The big Indochina trip: hanging out in Hanoi 

We’ve spent several days in Hanoi taking on the sights at a relaxed pace and generally just kind of hanging out in the city, walking around in the old quarter. Thanks to Yinis research we’ve also some really good meals in nice restaurants. 

Except for the markets in the old quarter, most of the things to see in Hanoi are museums. 

 Hoa Lo prison museum is pretty powerful as the old cells are still there and you can sense the brutal life of the prisoners. 

The old door looks very solid and imposing 

Being shackled to the bed couldn’t have been fun

Some cells

An actual guillotine 

At the etymology museum you get to see tools, clothes and plenty of pictures of the many different ethnic groups in this country, which is really interesting.  No pictures there I’m afraid.

The Ho Chi Minh museum showcases the life and work of President Ho. Except for a few artefacts it’s mostly text and pictures but it’s good none the less. It’s always  interesting to get a different perspective on things, and here you get to see the Vietnamese perspective on the struggle against the French colonists.

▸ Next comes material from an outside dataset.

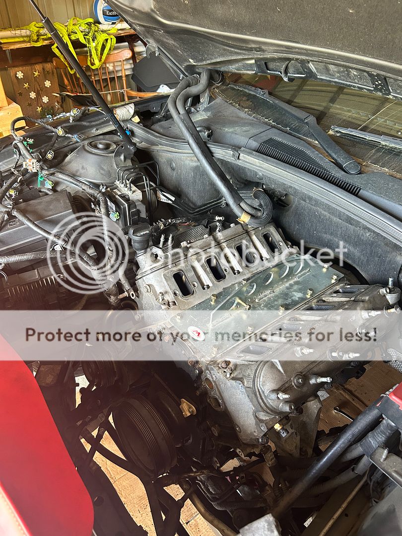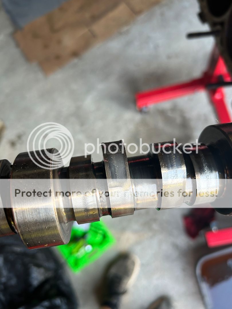 First, finding some place to do this was a chore. Now that I have a place to do it, we are making headway. Knowing that there’s metal in the oil, I started the teardown with the end goal of pulling the engine. I went right in and started removing exhaust, PS pump, water pump, alternator and a/c compressor. The a/c was the most trouble- there are more bolts holding that bracket on that you’d imagine. Here’s the engine ready to come out with a Motion race works LS lift plate in place of the intake manifold. ![]() Here you can see that the lift wouldn’t reach the engine. It was way off from the side. From the front it was closer but still couldn’t reach. ![]() I eventually had to take the bumper cover off and even then do some shenanigans to make it reach. Here it is out of the bay with the harnesses and a/c pulled back. ![]() ![]() With the engine on the stand (not pictured, but also a pain the butt) I dove into it. Plugs look good. Valve springs, rockers and push rods all look good. Houston- we have a problem ![]() ![]() This rocker won’t budge. It will spin ~45 degrees but doesn’t move in or out. Something’s wrong… whatever it is- it chewed up the cam. ![]() ![]() ![]() I’m assuming that’s the source of the metal in the oil. Probably didn’t spin a bearing, but hits highly likely they’re all toast with particulate being forced through the oil. |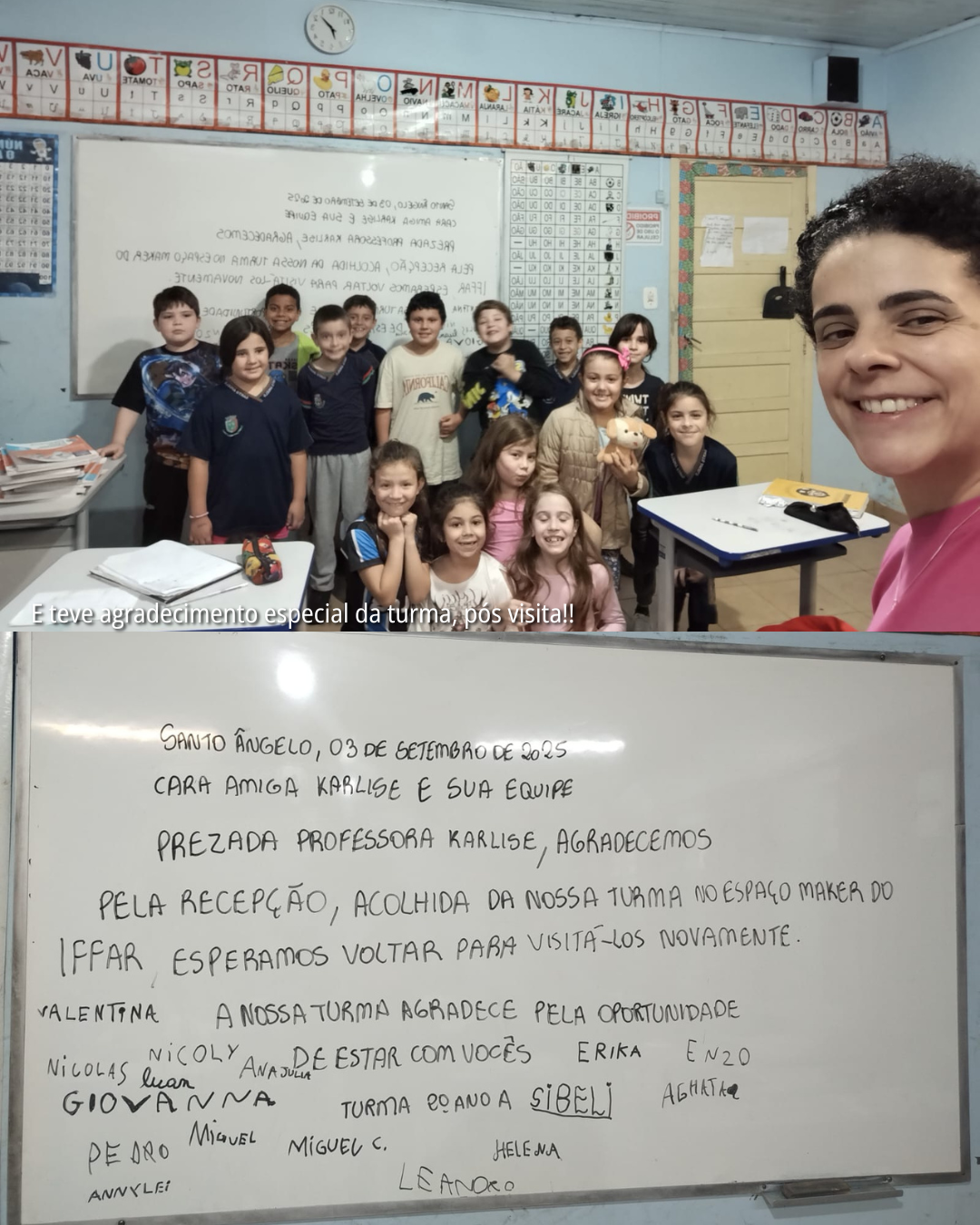 E um agradecimento “espacial” às professoras e monitoras da EMEF Liberato Salzano pela visita ao campus e ao projeto.

Ho Chi Minh statue in the museum

Right next door to the museum is Ho Chi Minhs mausoleum. We times our visit badly as his body is in Russia for maintenance at the moment. This is actually the third time I’ve been at a communist leader mausoleum and failed to see the body: first chairman Mao in Beijing, then Lenin in Moscow and now Ho Chi Minh. It’s like I’m cursed or something. Well, the mausoleum itself is an impressive piece of communist architecture anyway.

Ho Chi Minh mausoleum 

Mausoleum selfie

Close to the mausoleum is the army museum. Like the war museum in HCMC it has a number of tanks and aircraft outside which is always cool to see. Inside there’s a small section about older wars, the rest is dedicated to the struggle against the French and the Americans. It has a large collection of various small arms and the little description plaques are very patriotic, describing how Hero captain such and such used a certain gun to annihilate a certain number of enemies. What’s interesting is that there were even some primitive weapons used by guerilla fighters such as flint lock rifles and even crossbows. 

Yini playing MIG jet

American helicopter 


Missile launcher

This sculpture made from parts of downed planes is cool

Various bombs

The collection of vehicles and aircraft from above

Hanoi flag tower 

Nearby Lenin statue

Lastly there’s the Vietnam Women Musuem. Like the name suggests it showcases the life of Vietnamese women, from the marriage and childbirth traditions of the various ethnic  groups to the women fighting in the war against the French and the Americans, to the modern day life and fashion. It’s very good, and again  a different perspective from other museums. 

Yini trying her hand at being a street vendor

Grinding is hard work 

That’s it as far as museums go. My favorite was the Ho Chi Minh museum. I mentioned we also had some really good food. We had some fried fish called Cha Ca which wasn’t what you think of as typically Vietnamese but very tasty. Vietnamese sandwiches called banh mi are a must for anyone coming here and the best we’ve had are at Banh Mi 25.

Banh Mi 25 sandwiches 

A speciality of Vietnam is something called egg coffee. It sounds really strange but it’s super good. It’s basically sweetened egg foam mixed with coffee, it tastes a bit like tiramisu. Definitely try it if you come here. We went to a small place called Cafe Giang on Nguyen Huu Huan street.

Egg coffee

Thanks to the recommendation from my mom we got some excellent creme caramel at a place called Quan Kem Caramen. 

Simple interior but excellent creme caramel 

As for evening activities, Hanoi is known for water puppet theater. I’m always a bit auspicious of theatre I. Foreign countrie, going to a play when you don’t understand the language can be pretty  boring. Using water as a stage however, is cool so I figured it would be worth a try, I did not regret it. It’s not so much a play  as a number of short sketches and musical numbers that are easy enough to understand. Some of the slapstick comedy was actually very funny.

The band taking their seats. 

Dancing puppets

More dancing puppets

Puppets with fire in their hands

Like I mentioned, we also spent a fair bit of time strolling around the old quarter. One thing that Hanoi city does really well is that every weekend, starting Friday night,  they close off the streets near Hoan Kiem lake for traffic and the whole area turns into a kind of street festival. There are street performances, bands playing, vendors and just generally merriment. I think it’s great and we really enjoyed walking around there in the evenings. 

Hoan Kiem lake at night

Korean orchestra and street dancers

Violin backed by a band, they were pretty good. 

I’m normally not a big city guy but we’ve had a lovely couple of days here in Hanoi.